Areas of strength included:
- Solid assumptions and scalability awareness, including both peak and average load estimations.
- Fast and structured breakdown of functional requirements, plus thoughtful CAP theorem tradeoff discussions (e.g., high availability at system level vs. strong consistency in message delivery).
- Deep familiarity with websocket vs. long polling, and good initiative in focusing the discussion on online users first.
- Clear high-level design with workflow and entity expansion — modeling thread as parent of message, supporting both 1-1 DMs and channels.
- Strong understanding of entity relationships (user, message, channel, channel_participants, etc.) and how those power the backend.
- Great breakdown of websocket message events and payload structures.
- Excellent treatment of media message handling — pre-signed S3 URLs, media keys, upload parallelism, and why URLs don’t need to be tracked.
- Smart inclusion of CDNs and recipient-side media fetching using keys.
- Consideration for multi-device session management, local caching, and handling message history fetch with pagination.
- Strong modeling of offline inbox flows and flush-on-reconnect behavior.
- Good insight into hot channels (celebrity-style) — switching to pull rather than push.
- Nuanced discussion of message ordering, including lock-based service-level monotonic timestamps vs.
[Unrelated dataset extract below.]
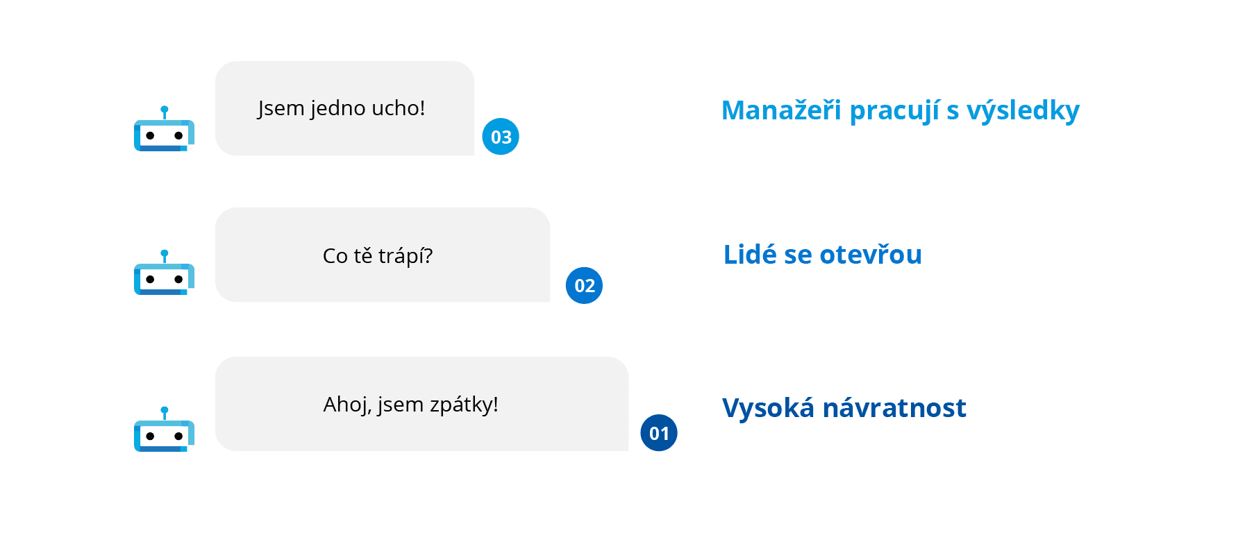 Jde vlastně o menší průzkumy, které se dělají pravidelně a vždy se věnují konkrétnímu tématu. Obvykle jsou rychlé a zaměstnance nijak nezatěžují vyplňováním. Dobře se s nimi pracuje v týmech, ale i vedení. Dá se na nich také snadno zkoumat, jak se atmosféra mění v čase. Přímo na pulzní průzkumy je určený náš chatovací robot Arnold, který sbírá zpětnou vazbu od zaměstnanců přívětivou formou.

Kafka queue partitioning by chat_id.
- Concrete breakdown of websocket connection flow and Redis TTL caching, including:
- User connects to ws server
- WS fetches chat_ids
- WS caches mapping with TTL lease
- WS subscribes to topic
- WS unsubscribes on TTL expiry
- Device+user-level mapping for deduplication
- Good idempotency design using dedupe keys
Areas for improvement:
- Start with clearer assumptions, especially around initial channel creation and setup, before jumping into message sending logic.
- Re-order some discussion — consider covering online/offline scenarios first, then deletion logic, to keep narrative clean.
- For message history fetch, discuss both volume and latency challenges more deeply — e.g., timestamp and message_id-based indexing in metadata DB to preserve order.
- For celebrity channels, consider inbox message expiry after 30 days, and fetching from DB only on user-triggered access (with optional caching layer).